Montreal-based Bombardier has seen its share price rise over the past few weeks as the markets reacted to the company’s latest moves to trim the fat with a sale of its aerostructures business. BBD rose from a low of C$1.57 per share on October 31 to C$1.96 a few days later on the back of quarterly results and a $1.2-billion deal which will see its aerostructures business go to Spirit AeroSystems Holdings, a transaction that has the latter paying $500 million in cash and assuming liabilities of more than $700 million. (All figures in US dollars unless where noted otherwise.)
“We achieved another key strategic milestone towards building a lean, efficient and strong business aircraft franchise,” said Bombardier chief executive Alain Bellemare in a news conference on the deal.
Bombardier is in the middle of a multi-year turnaround aimed at cutting debt and concentrating on its more profitable segments in business-class jets and trains. The company has already sold off its C Series narrow-body medium-range jet program to Airbus while earlier this year selling its regional jet program to Mitsubishi Aircraft, as the company concentrates its focus on its Global business aircraft program.
“We continue to make progress driving our turnaround,” said Bellemare, in the company’s third quarter press release on October 31, where the company posted revenues of $3.7 billion, an eight-per-cent organic growth rate, and adjusted EBIT of $143 million, down from $267 the previous year.

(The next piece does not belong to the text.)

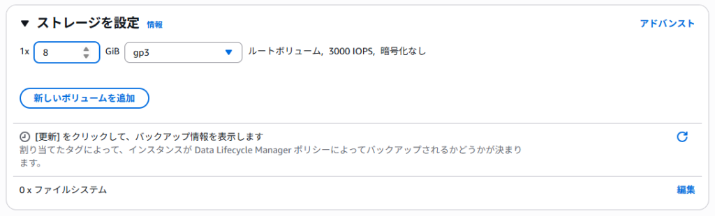 ストレージを設定します。ここで設定するストレージはEBSで、インスタンスを起動していなくても課金されます。gp3で8GBであれば1カ月$0.64(約 80 円前後)の費用が発生します。今回は余裕を持たせるために15GBに設定(月額160円程度課金される)します。なお、ここで設定するこの容量は後から拡張することができます。

“At Aviation, the recent certification of our new Global 5500 and Global 6500 aircraft, and the outstanding in-service performance of our new Global 7500, highlight the strength of our business jet franchise. At Transportation, we are turning the corner. We are making steady progress working through our legacy projects, giving us confidence in our ability to deliver stronger financial performance,” Bellemare added.
But in spite of the company’s improvements, Richards says that it’s likely a while before investors will see any positive movement on the stock.
“[Bombardier] has been one of those dead in the water stocks —and that’s our tax dollars hard at work,” said Richards, president and chief portfolio manager at ValueTrend, speaking to BNN Bloomberg Friday.
“It’s consolidating, and, technically, it has to break,” he says. “It tried and failed back earlier in the year. I wouldn’t touch the stock because there are absolutely no signs.”
At the moment, Bombardier’s share price is even for 2019, although the stock has fallen a long way from a high of $5.58 back in July of 2018 to its current $2.00 range.
“It’s the racehorse theory: why would you own this when the Industrials and US banks and things like that are breaking out, so why would you own something that’s just moving sideways. It’s not bearish, it’s just not bullish. It’s dead money, so you have to decide, do you want to sit on it while everybody else makes money or do you want to move into something else?” Richards says.